[SUPPLIED DATA]

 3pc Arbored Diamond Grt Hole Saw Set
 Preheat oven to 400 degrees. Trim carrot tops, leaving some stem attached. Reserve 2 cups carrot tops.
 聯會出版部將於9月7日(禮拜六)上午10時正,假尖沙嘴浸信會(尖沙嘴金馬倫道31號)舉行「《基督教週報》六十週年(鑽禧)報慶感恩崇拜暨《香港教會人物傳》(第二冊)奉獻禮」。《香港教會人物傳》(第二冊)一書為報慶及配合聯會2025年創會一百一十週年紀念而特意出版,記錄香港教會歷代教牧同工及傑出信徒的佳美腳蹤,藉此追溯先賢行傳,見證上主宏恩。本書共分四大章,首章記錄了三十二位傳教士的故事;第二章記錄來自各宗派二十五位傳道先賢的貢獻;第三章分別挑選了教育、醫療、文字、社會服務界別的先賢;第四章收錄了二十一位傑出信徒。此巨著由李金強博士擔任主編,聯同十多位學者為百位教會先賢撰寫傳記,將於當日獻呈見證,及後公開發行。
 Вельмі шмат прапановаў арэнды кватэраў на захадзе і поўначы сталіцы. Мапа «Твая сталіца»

[/SUPPLIED DATA]
[SUPPLIED DATA]

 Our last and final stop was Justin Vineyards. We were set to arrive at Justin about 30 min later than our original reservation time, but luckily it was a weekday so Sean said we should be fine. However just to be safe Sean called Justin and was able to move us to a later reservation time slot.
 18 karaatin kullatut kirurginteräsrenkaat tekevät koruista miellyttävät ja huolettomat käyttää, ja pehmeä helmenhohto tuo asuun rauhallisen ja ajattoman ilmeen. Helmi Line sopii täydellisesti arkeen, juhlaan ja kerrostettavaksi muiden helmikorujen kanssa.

[/SUPPLIED DATA]

TASK INSTRUCTIONS: Restate word for word only the lines above from the line containing "聯會出版部將於9月7日(禮拜" to the line containing "Вельмі шмат прапановаў", both of them included.

EXERCISE ANSWER:
 聯會出版部將於9月7日(禮拜六)上午10時正,假尖沙嘴浸信會(尖沙嘴金馬倫道31號)舉行「《基督教週報》六十週年(鑽禧)報慶感恩崇拜暨《香港教會人物傳》(第二冊)奉獻禮」。《香港教會人物傳》(第二冊)一書為報慶及配合聯會2025年創會一百一十週年紀念而特意出版,記錄香港教會歷代教牧同工及傑出信徒的佳美腳蹤,藉此追溯先賢行傳,見證上主宏恩。本書共分四大章,首章記錄了三十二位傳教士的故事;第二章記錄來自各宗派二十五位傳道先賢的貢獻;第三章分別挑選了教育、醫療、文字、社會服務界別的先賢;第四章收錄了二十一位傑出信徒。此巨著由李金強博士擔任主編,聯同十多位學者為百位教會先賢撰寫傳記,將於當日獻呈見證,及後公開發行。
 Вельмі шмат прапановаў арэнды кватэраў на захадзе і поўначы сталіцы. Мапа «Твая сталіца»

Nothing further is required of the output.